Even Oxford Professor Nick Bostrom's 2014 book Superintelligence: Paths, Dangers, Strategies presented a detailed case for taking the risk seriously. The book focuses on the stage at which artificial intelligence achieves an intelligence explosion. As per his claim, 90% human-level AI will be attained by 2075. However, many experts have dismissed such claims due to lack of data or have called Bostrom as 'professional scaremonger'. In his MIT Technology Review article, Oren Etzioni, CEO of the Allen Institute for Artificial Intelligence pointed out that though artificial intelligence has attained the intelligence level to defeat us in board games like Chess, AI has failed to score above 60% on eighth grade science tests or score above 48% in disambiguating simple sentences.

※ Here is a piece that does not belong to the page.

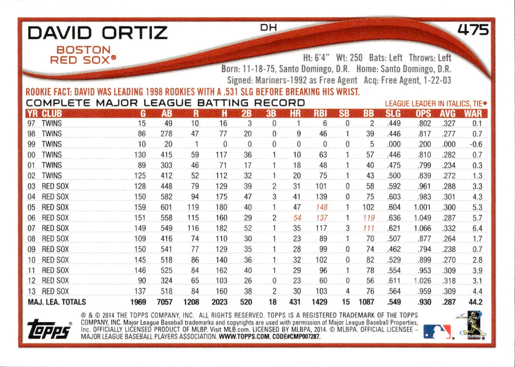 2014 David Ortiz Topps SKI GOGGLES CELEBRATION SP PHOTO VARIATION #475 Boston Red Sox
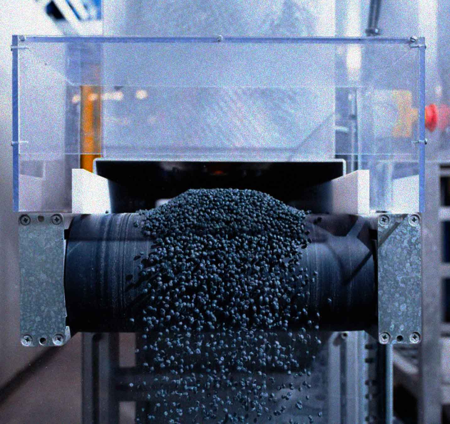 L'assemblage se produit lorsque les petites particules sont fondues ensemble pour former des granulés de plastique. Les granulés peuvent ensuite être utilisés dans la production de notre tissu de déchets marins.

Though this doesn't imply that superintelligent AI is impossible. In fact, it is evident, but there maybe no fail proof way to known that. Kevin Kelly, Founding Editor of Wired magazine, stated that intelligence is not a single dimension, so 'smarter than humans' is a meaningless concept.
A recent paper in the Journal of Artificial Intelligence Research has caught the attention of the scientific community, warning that it could become fundamentally impossible to control a superintelligent AI. The paper is based on a study by scientists at Max-Planck institute along with an international team of researchers, who have been investigating the possibility of monitoring superintelligent machines with the help of algorithms. They, hypothesized a theoretical containment algorithm that ensures a superintelligent AI cannot harm people under any circumstances. Their study involved simulating the AI's behavior first and then halting it when considered harmful.
According to study coauthor Manuel Cebrian, a superintelligent machine that controls the world sounds like science fiction. Manuel is the Leader of the Digital Mobilization Group at the Center for Humans and Machines of the Max Planck Institute for Human Development. "But there are already machines that perform certain important tasks independently without programmers fully understanding how they learned it. The question therefore arises whether this could at some point become uncontrollable and dangerous for humanity," he continued while speaking to a press release.
A halting problem proposed by Alan Turing, is an algorithm in which given information about a program and an input to that program, the algorithm will always predict whether the program will halt when fed with that input. The irony is that the halting problem is undecidable.
Careful analysis carried out by the team found that the current paradigm of computing cannot build such an algorithm. Based on these calculations the containment problem is incomputable, no single algorithm can find a solution for determining whether an AI would produce harm to the world. Hence, the paper authors argue that total containment is, in principle, impossible, due to fundamental limits inherent to computing itself.
Iyad Rahwan, Director of the Center for Humans and Machines, says that if an algorithm can command a superintelligent machine not to destroy the world, then it could halt its operations. "If this happened, you would not know whether the containment algorithm is still analyzing the threat, or whether it has stopped to contain the harmful AI. In effect, this makes the containment algorithm unusable," Iyad adds. Furthermore, the researchers highlight that there is no way to know if or when will superintelligent machines arrive. This is because deciding whether a machine exhibits intelligence superior to humans is in the same realm as the containment problem.
Nick Bostrom has proposed another solution to control superintelligent AI, which is by limiting its abilities by cutting it off from Internet, in order to prevent it from doing harm to humans. However, this approach will only render the superintelligent AI significantly less powerful.